On appeal, the Seventh Circuit quickly disposed of Plaintiff’s failure-to-accommodate claim. The plaintiff alleged that sharpening skates was an insufficient accommodation for his medical restrictions, but admitted that he did not inform Arctic Zone that he thought the accommodation was inadequate. Thus, Plaintiff failed to fulfill his obligations during the interactive process by failing to alert Arctic Zone that he believed the accommodation was insufficient.

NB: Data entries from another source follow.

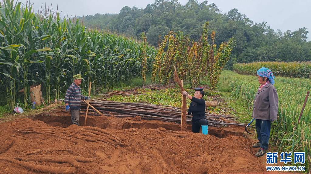 村民正在挖山藥(10月11日攝)。新華網發(祿豐市融媒體中心 供圖)
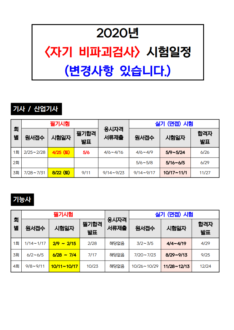 2020 자기 비파괴검사 시험일정 (필기 / 실기) ※일정수정
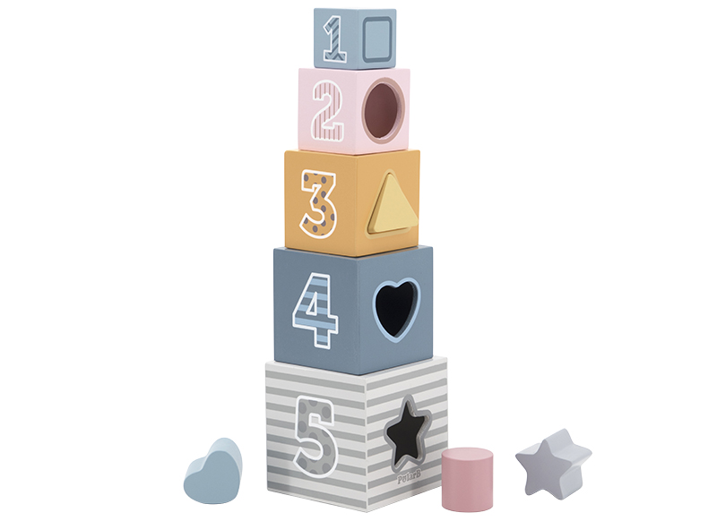 Omschrijving Mooie stapelblokken in rustige kleurtjes. Elke blok is voorzien van een cijfer, ideaal voor de eerste cijferherkenning! 4 blokken zijn elk voorzien van een unieke opening waar één van de bijgeleverde figuren in past. Kleur en vorm sorteren met deze toren wordt kinderspel. Geschikt voor kinderen vanaf 12 maanden.

Plaintiff also tried to argue that the reasons Arctic Zone provided for his termination were a pretext for discrimination, as he never received notice or discipline for some of the issues mentioned in his termination notice. The Seventh Circuit, however, held that the decision to let an issue slide by without a formal response does not indicate that the issue went unnoticed and does not foreclose an employer’s right to later rely on that reason during termination. The Seventh Circuit further noted that it was reasonable for a record of minor issues to accumulate to the point where termination is eventually warranted.

Welter Insight

The Seventh Circuit provides some welcome protection for employers in its jurisdiction who find themselves wanting to terminate an employee with performance issues that have gone unaddressed and undocumented in the past. The Court explicitly shot down the argument that an employer is lying about the impact of performance issues just because they did not address the issues when they occurred.

This case, however, should not be an excuse for employers to avoid or delay documenting and addressing performance issues. The employer here had to defend against a pretext argument which it may have avoided if it had clearly documented and addressed the employee’s performance issues without delay. Therefore, it still remains best practice to provide timely documentation and counseling for performance issues.